我们如何创建上述数组neighbors2 和n_neighbors2？假设我们事先知道最大 2 距离邻居 N。然后可以修改generateNeighs 以始终返回相同大小的列表，因为我们可以用 (0, 0) 填充剩余的条目。在我看来，这留下了两个问题：

我们需要一个函数来填充neighbors2，它不是对每个单独的索引进行操作，而是对一个切片进行操作，在我们的例子中，它应该一次填充一个单元格。
n_neighbors2 应同时填充为 neighbors2

欢迎使用 repa 或 accelerate 数组的解决方案。

【问题讨论】：

抱歉，我没有仔细阅读您的问题，但是仅查看您的图像，数组是完美的矩形，您只是有一些特殊的邻居关系。

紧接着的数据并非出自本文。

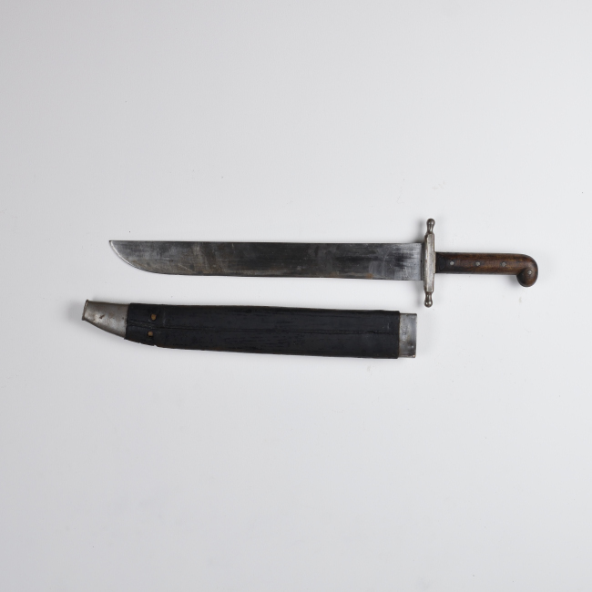 Arma blanca cortopunzante de mano compuesta de empuñadura, guarda, hoja y vaina. La empuñadura está formada por dos cachas de madera remachadas a una espiga de acero con un pomo redondeado y curvado hacia abajo. Tiene una guarda de acero en cruz con remates esféricos, la hoja es ancha y recta, de un filo, lomo plano, un vaceo por la cara derecha y la punta es diagonal, aguzada hacia el lomo.

查看您的图像skewed 30 degrees to the right 更容易看出如何根据所选中心图块周围的 6 条线段定义这种关系。如果您已经知道这一切并在问题中写到（我跳过了），我们深表歉意。
@WillNess 问题不是将网格存储为一个数组，而是为每个单元格存储其邻居的“列表”。这不会是矩形的，因为单元格有不同数量的邻居。
我几乎可以肯定，除非网格很小，否则使用相邻索引数组将比动态计算它们慢。 CPU 缓存是一种非常有限且极其宝贵的资源；使用其中的一些来保存可以在几个廉价指令中计算的值听起来并不好。
我建议您考虑替代 monolithic-array-with-some-dummy-entries 方法。这是一个非常 Matlab 要做的事情。我会考虑将所有单元格的所有邻居排列在一个 1D 未装箱向量中，然后为每个单元格存储该向量的偏移量和邻居的数量。以纯函数方式构建会更好，如果邻居的数量变化很大，它也需要更少的总内存。
@davidcox 在将网格存储在矩形阵列中时会导致空间浪费。请参阅redblobgames.com/grids/hexagons，获取有关六边形网格的优秀资源。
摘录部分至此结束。